◆ Input material
.....
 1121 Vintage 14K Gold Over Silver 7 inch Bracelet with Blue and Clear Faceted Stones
.....
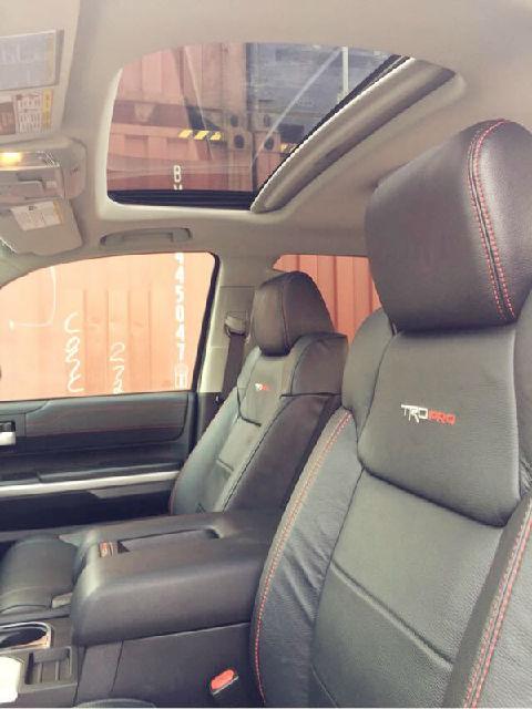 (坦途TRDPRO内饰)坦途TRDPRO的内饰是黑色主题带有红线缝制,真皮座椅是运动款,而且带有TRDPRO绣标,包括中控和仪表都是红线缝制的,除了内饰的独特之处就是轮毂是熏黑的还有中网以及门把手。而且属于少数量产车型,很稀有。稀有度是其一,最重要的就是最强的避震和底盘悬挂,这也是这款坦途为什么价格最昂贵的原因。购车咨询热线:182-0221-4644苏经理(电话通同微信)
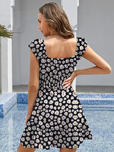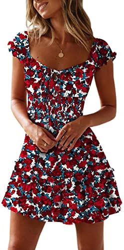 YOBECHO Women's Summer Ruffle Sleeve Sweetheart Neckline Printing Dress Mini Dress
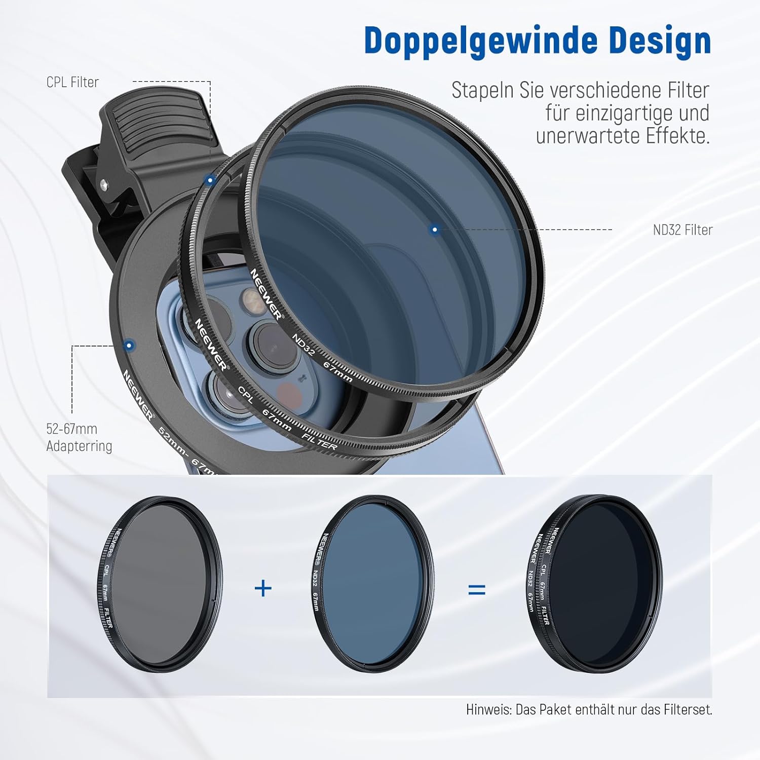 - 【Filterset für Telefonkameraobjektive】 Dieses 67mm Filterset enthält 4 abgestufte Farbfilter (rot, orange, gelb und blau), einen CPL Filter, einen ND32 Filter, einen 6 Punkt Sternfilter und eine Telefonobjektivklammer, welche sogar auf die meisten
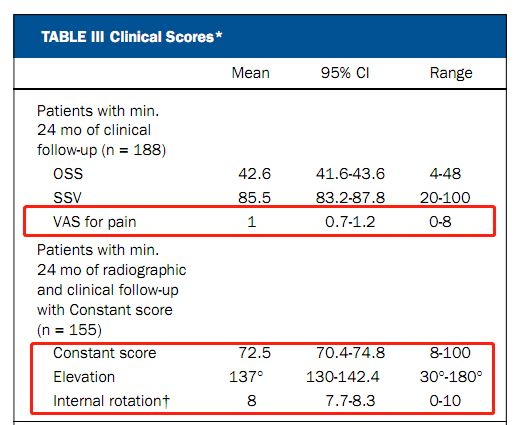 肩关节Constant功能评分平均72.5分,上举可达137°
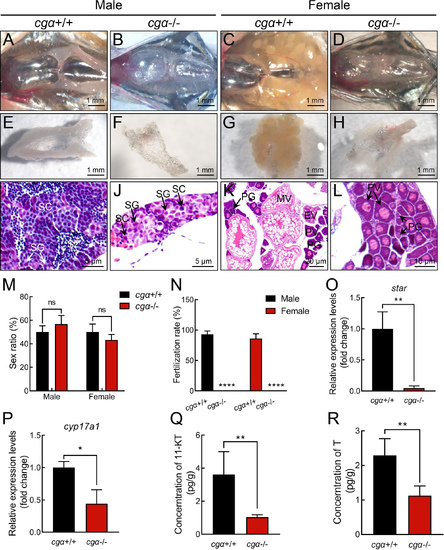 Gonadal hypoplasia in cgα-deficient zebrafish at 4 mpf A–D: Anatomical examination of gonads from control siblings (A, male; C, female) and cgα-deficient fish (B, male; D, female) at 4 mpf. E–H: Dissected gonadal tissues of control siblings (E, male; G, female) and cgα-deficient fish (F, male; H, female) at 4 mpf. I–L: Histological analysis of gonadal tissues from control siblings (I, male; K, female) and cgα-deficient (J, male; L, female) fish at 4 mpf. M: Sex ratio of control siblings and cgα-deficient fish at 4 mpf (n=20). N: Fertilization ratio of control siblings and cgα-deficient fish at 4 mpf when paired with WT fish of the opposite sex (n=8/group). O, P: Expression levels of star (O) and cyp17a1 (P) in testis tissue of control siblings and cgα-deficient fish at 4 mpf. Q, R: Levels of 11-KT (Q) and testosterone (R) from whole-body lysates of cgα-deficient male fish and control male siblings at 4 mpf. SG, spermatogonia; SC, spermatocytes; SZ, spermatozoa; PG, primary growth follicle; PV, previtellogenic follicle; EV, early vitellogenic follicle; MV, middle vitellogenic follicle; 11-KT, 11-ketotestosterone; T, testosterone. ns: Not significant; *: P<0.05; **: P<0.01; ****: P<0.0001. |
.....
◆ What you will do
Copy only these lines from the records above, exactly: the one with "YOBECHO Women's Summer", the one with "肩关节Constant功能评分平均72.5分,上举可达137°", and those between. Skip the pictures.

◆ Result for this exercise
 YOBECHO Women's Summer Ruffle Sleeve Sweetheart Neckline Printing Dress Mini Dress
 - 【Filterset für Telefonkameraobjektive】 Dieses 67mm Filterset enthält 4 abgestufte Farbfilter (rot, orange, gelb und blau), einen CPL Filter, einen ND32 Filter, einen 6 Punkt Sternfilter und eine Telefonobjektivklammer, welche sogar auf die meisten
 肩关节Constant功能评分平均72.5分,上举可达137°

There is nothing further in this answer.